Badagas can boast with their own time-reckoning calendar. Once they followed their own full-fledged time-reckoning system and they practiced it even for their day to day life. But, it is to our dismay that at present most of the Badagas have only a little knowledge about that. Due to the easy accessibility of universally adopted Gregorian calendar and the arrival of panjaangam calendar at local market Badagas gradually disused their calendar system. However, it is to our surprise that still few have not forgotten the names of twelve months of the Badaga calendar. 1. kuuDalu, 2. haalaani, 3. nallaani, 4. aani, 5. aadire, 6. peeraaDi, 7. aavaaNi, 8. peraTTaadi, 9. doDDa diivige, 10. kiru diivige, 11. tay, and 12. hemmaaTTi are the twelve Badaga months. The basic unit of computation in a calendar is the day. Badagas used to dawn to dawn reckoning.
At the outset that the Badaga month begins always on a new moon day.
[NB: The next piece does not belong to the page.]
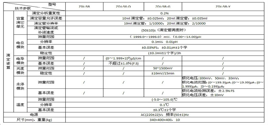 三、上海雷磁ZDJ-5B自動電位滴定儀技術參數

For the Badagas the period between one new moon and the next new moon is a month. tinguva is the Badaga name for both moon and month and it expresses lunar month unequivocally, is roughly thirty days (Actually it consists 29. 5306 days). So, it is apparent that Badaga new year too begins on new moon day. It falls on different day every year because Badaga calendar is a lunisolar calendar. Every alternative year consists of thirteen new moon days . So one new moon day should be discarded without counting during every alternative year.
On which new moon day Badaga year begins? And which new moon day is be discarded without counting during alternative year? If we answer to these questions the doubt persists on Badaga calendar will disappear once for all.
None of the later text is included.